Refuting Equivalence in Probabilistic Programs with Conditioning
Krishnendu Chatterjee, Ehsan Kafshdar Goharshady, Petr Novotný, Đorđe Žikelić
TL;DR
The paper addresses refuting equivalence of probabilistic programs that include conditioning via observe and score statements. It introduces weighted restarting to translate conditioning-enabled programs into output-equivalent conditioning-free programs by tracking weight with $W$ and restarting with probability $1 - W/M$, thereby reducing to a setting where existing automated, provably correct refutation methods apply. The authors establish a sound and complete proof rule based on upper and lower expectation supermartingales (UESM/LESM) under OST-soundness, and show semi-completeness of their polynomial-template synthesis algorithm. Empirical evaluation on standard inference benchmarks demonstrates improved refutation coverage and provides Kantorovich distance lower bounds for similarity, while highlighting the method's automation and applicability to infinite-state, discrete, and continuous PPs with conditioning.
Abstract
We consider the problem of refuting equivalence of probabilistic programs, i.e., the problem of proving that two probabilistic programs induce different output distributions.
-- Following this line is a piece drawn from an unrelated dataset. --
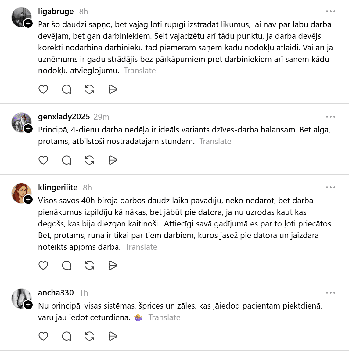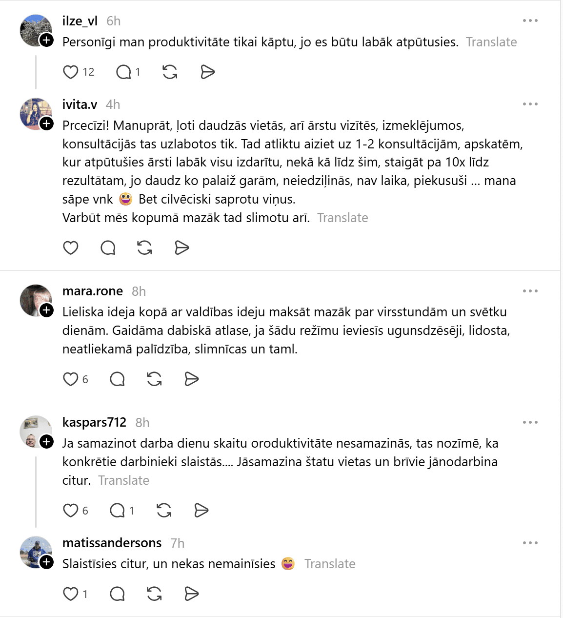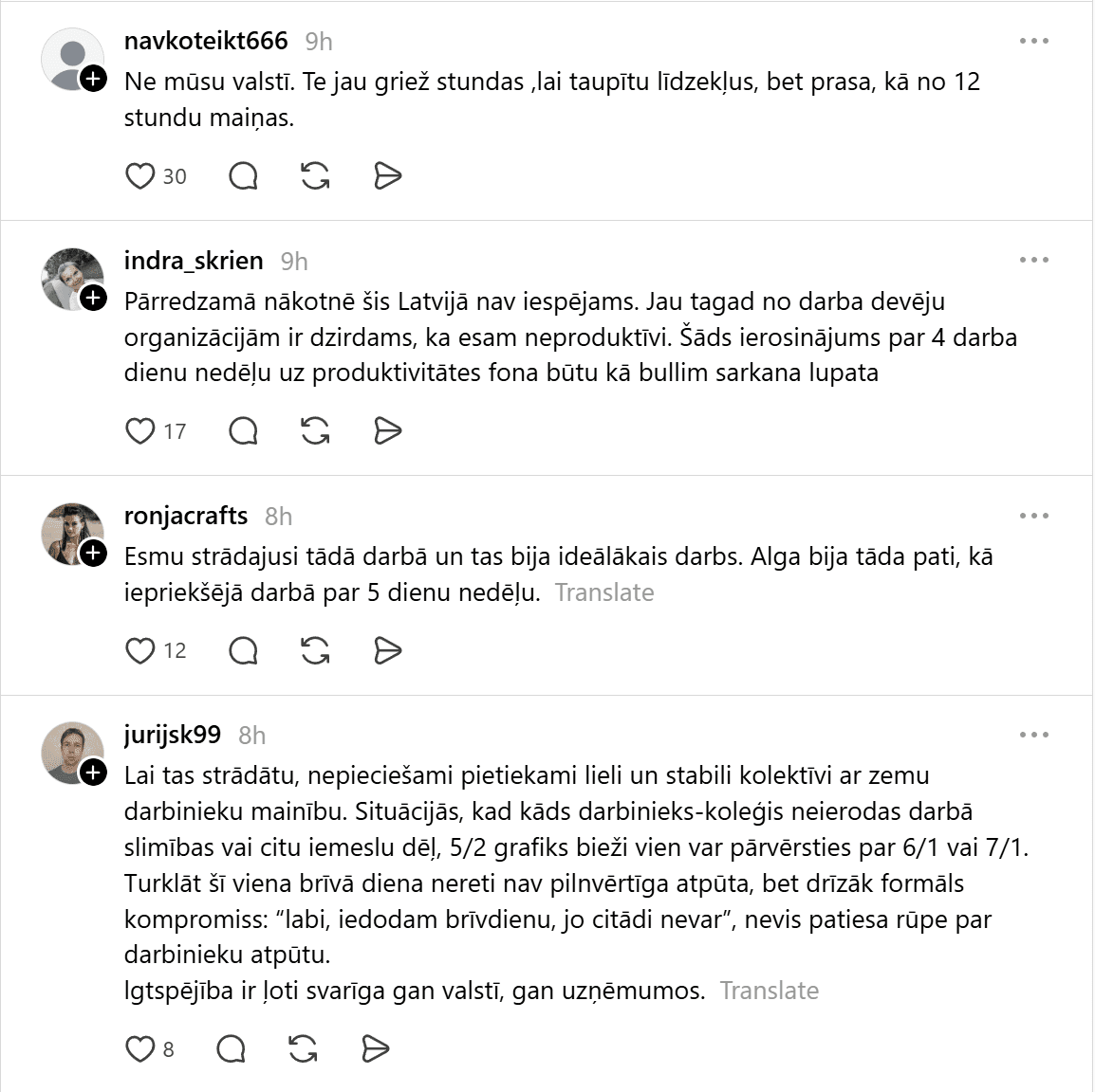 Этот вопрос очень быстро привлёк большое внимание и вызвал широкую дискуссию. Идея более короткой рабочей недели многим кажется привлекательной, поскольку это означало бы больше времени для семьи, отдыха и личных интересов. В то же время она заставляет задуматься и о том, позволит ли рынок труда и экономическая ситуация Латвии вообще внедрить такие изменения.

We study this problem in the context of programs with conditioning (i.e., with observe and score statements), where the output distribution is conditioned by the event that all the observe statements along a run evaluate to true, and where the probability densities of different runs may be updated via the score statements. Building on a recent work on programs without conditioning, we present a new equivalence refutation method for programs with conditioning. Our method is based on weighted restarting, a novel transformation of probabilistic programs with conditioning to the output equivalent probabilistic programs without conditioning that we introduce in this work. Our method is the first to be both a) fully automated, and b) providing provably correct answers. We demonstrate the applicability of our method on a set of programs from the probabilistic inference literature.